Simulations numériques de l'interaction entre 2 câbles (en rouge les tourbillons dans un sens, et en bleu dans l'autre sens)

Dispositif expérimental en soufflerie L'objet de ces différentes recherches est de mieux comprendre les phénomènes, et pouvoir étudier les avantages et inconvénients des différentes stratégies pour les résoudre (mise en place d'amortisseurs, liaisonnement des câbles entre eux (cross-ties), modification de l'enveloppe du câble (encoche en spirale pour que le filet d'eau ne soit pas en ligne droite, et donc à la même position tout le long du câble)).

4. Visite du "River Cooper Bridge" Le dernier jour du congrès fut consacré à la visite du pont à haubans qui porte la route 17 (qui longe la côte atlantique et traverse Charleston) construit de 2001 à 2005. Les caractéristiques de l'ouvrage sont les suivantes : Longueur totale : 4558 m Longueur travée principale : 471m Hauteur maximale des pylônes : 174m Largeur tablier : 40m

Tablier en multipoutre mixte soutenu par des haubans Pylônes en béton Les photos suivantes montrent l'ouvrage récent (celui que l'on a visité) devant l'ancien ouvrage (type cantilever en treillis métallique), en cours de démolition.

Vue des pylônes, des haubans et de la structure mixte en dessous (type multipoutre mixte, avec profilage dans la partie centrale sans doute pour le vent) :

Parmi les particularités de l'ouvrage ou les spécificités américaines, on peut mentionner : les butées antisismiques entre le tablier et les pylônes,

les amortisseurs présents à côté de l'ancrage (photo ci-dessous) :

l'absence de corniches (les bords du tablier sont simplement laissés en béton brut) :

le dispositif de collecte des eaux usés plutôt rudimentaires (des simples trous de part et d'autre de la dalle béton (directement en contact avec les véhicules sans étanchéité ni couche de roulement) :

les assemblages boulonnés sur les poutres métalliques constituant les viaducs d'accès ainsi que sur le pont principal :

des joints de chaussées peu habituels en France

5. Documents rapportés Un CD-Rom et une version papier de toutes les présentations effectuées ont été remis à l'ensemble des participants. Ils sont disponibles chez Pierre Marchand (bureau 823, tel : 3454) ou Pascal Charles (bureau 703, tel : 3279).

6. La ville de Charleston Baigné par un soleil radieux et un climat quasi tropical, Charleston est une ville où il fait bon se promener (le matin ou le soir quand il ne fait pas trop chaud). De magnifiques villas (les plus anciennes datent du 18ème siècle) témoignent de la richesse des planteurs d'autrefois (coton et riz essentiellement).

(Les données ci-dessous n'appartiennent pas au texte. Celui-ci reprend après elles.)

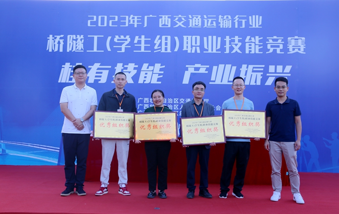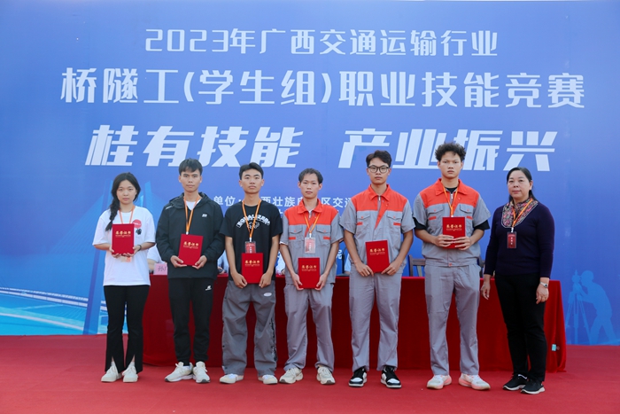 10月21-22日,2023年广西交通运输行业桥隧工(学生组)职业技能竞赛在广西交通技师学院顺利举办。本次比赛共有8支队伍24名选手参加比赛。经过激烈的竞争,广西交通技师学院一队荣获一等奖,广西交通技师学院二队荣获二等奖,广西交通职业技术学院二队、广西建设职业技术学院二队荣获三等奖。
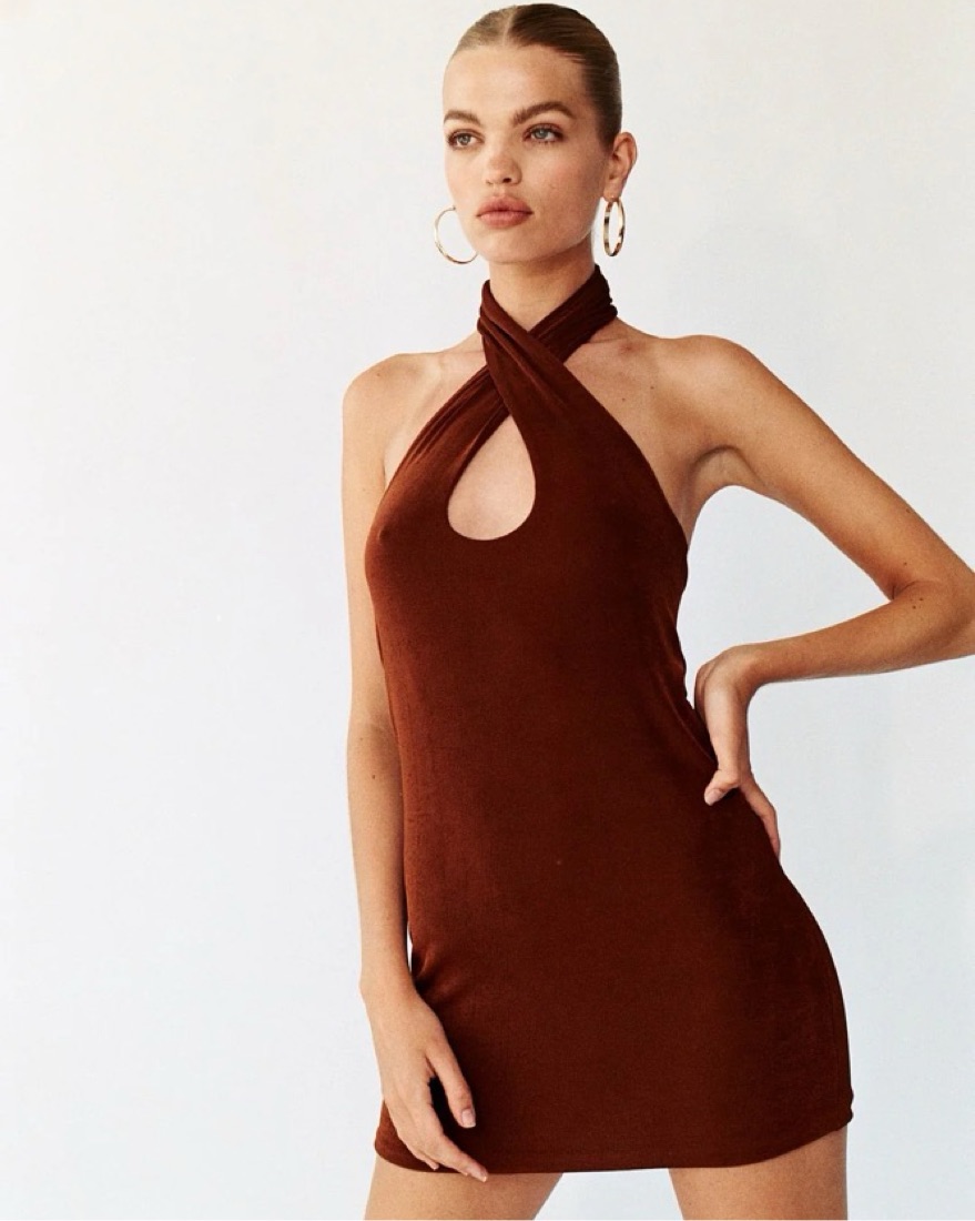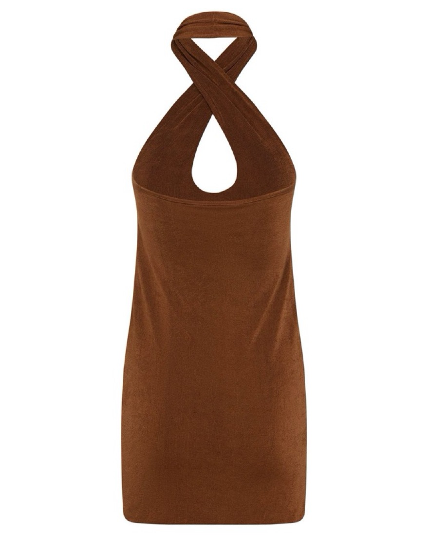 With Jean Lena Halter Mini Dress | Brown by With Jean - Pickle

Fief sudiste pendant la guerre de sécession, la ville a vécu de nombreux affrontements terrestres ou maritimes. La première attaque sous-marine (victorieuse puisque le bateau cible a été coulé mais le sous-marin n'est jamais rentré au port) a eu lieu au large de Charleston pendant la guerre de sécession. Aujourd'hui l'océan atlantique est redevenu paisible, seulement agrémenté du balai des dauphins qui apprécient visiblement l'eau à 25 degrés.